The sum must be calculated as an iterative process (the corrected term must be applied on every single addition). This is because the intended summation function takes an input that depends on the previous sum.
The intended summation function is called indefinitely and several hundred million times per second, which motives the pursuit of a high performance low-level implementation.
Higher precision arithmetic such as long double, float128 or arbitrary precision libraries are not to be considered as higher precision solutions due to performance reasons.
Edit: Inlined csum (doesn't make much sense without the full code, but just for reference)
subsd xmm0, QWORD PTR [rsp+32]
movapd xmm1, xmm3
addsd xmm3, xmm0
movsd QWORD PTR [rsp+16], xmm3
subsd xmm3, xmm1
movapd xmm1, xmm3
subsd xmm1, xmm0
movsd QWORD PTR [rsp+32], xmm1
You can put functions that need to not use -ffast-math (like a csum loop) in a separate file that gets compiled without -ffast-math.
Possibly you could also use __attribute__((optimize("no-fast-math"))), but https://gcc.gnu.org/onlinedocs/gcc/Common-Function-Attributes.html says that optimization-level pragmas and attributes aren't "suitable in production code", unfortunately.
update: apparently part of the question was based on a misunderstanding that -O3 wasn't safe, or something? It is; ISO C++ specifies FP math rules that are like GCC's -fno-fast-math. Compiling everything with just -O3 apparently makes the OP's code run quickly and safely. See the bottom of this answer for workarounds like OpenMP to get some of the benefit of fast-math for some parts of your code without actually enabling -ffast-math.
ICC defaults to fast-path so you have to specifically enable FP=strict for it to be safe with -O3, but gcc/clang default to fully strict FP regardless of other optimization settings. (except -Ofast = -O3 -ffast-math)
You should be able to vectorize Kahan summation by keeping a vector (or four) of totals and an equal number of vectors of compensations. You can do that with intrinsics (as long as you don't enable fast-math for that file).
e.g. use SSE2 __m128d for 2 packed additions per instruction. Or AVX __m256d. On modern x86, addpd / subpd have the same performance as addsd and subsd (1 uop, 3 to 5 cycle latency depending on microarchitecture: https://agner.org/optimize/).
So you're effectively doing 8 compensated summations in parallel, each sum getting every 8th input element.
Generating random numbers on the fly with your fun() is significantly slower than reading them from memory. If your normal use-case has data in memory, you should be benchmarking that. Otherwise I guess scalar is interesting.
If you're going to use inline asm, it would be much better to actually use it inline so you can get multiple inputs and multiple outputs in XMM registers with Extended asm, not stored/reloaded through memory.

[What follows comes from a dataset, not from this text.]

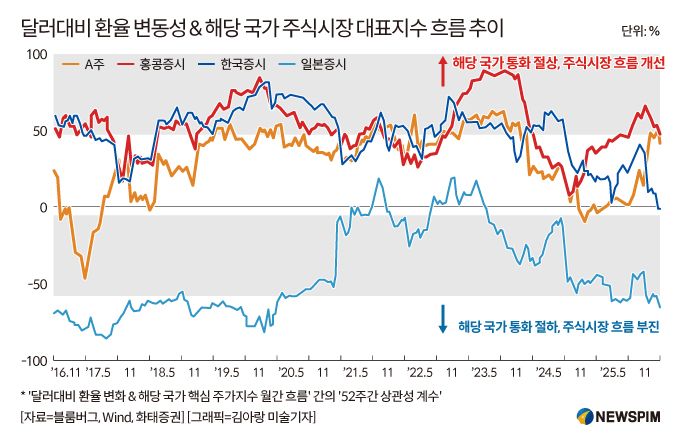 중국·홍콩과 한국의 경우 자국 통화 절상과 주가지수 성과가 대체로 양(+)의 관계였던 반면, 일본은 음(-)의 관계가 나타났다. 이를 통해 중국·한국의 수출 경쟁력은 강한 통화에서 주로 나오지 않으며, 일본은 상대적으로 그 부정적 효과가 더 크게 나타날 수 있다는 해석을 내놨다.

Defining a stand-alone function that actually takes args by reference looks pretty performance-defeating. (Especially when it doesn't even return either of them as a return value to avoid one of the store/reload chains). Even just making a function call introduces a lot of overhead by clobbering many registers. (Not as bad in Windows x64 as in x86-64 System V where all the XMM regs are call-clobbered, and more of the integer regs.)
Also your stand-alone function is specific to the Windows x64 calling convention so it's less portable than inline asm inside a function would be.
And BTW, clang managed to implement csum(double&, double, double&): with only two movapd instructions, instead of the 3 in your asm (which I assume you copied from GCC's asm output). https://godbolt.org/z/lw6tug. If you can assume AVX is available, you can avoid any.
And BTW, movaps is 1 byte smaller and should be used instead. No CPUs have had separate data domains / forwarding networks for double vs. float, just vec-FP vs. vec-int (vs. GP integer)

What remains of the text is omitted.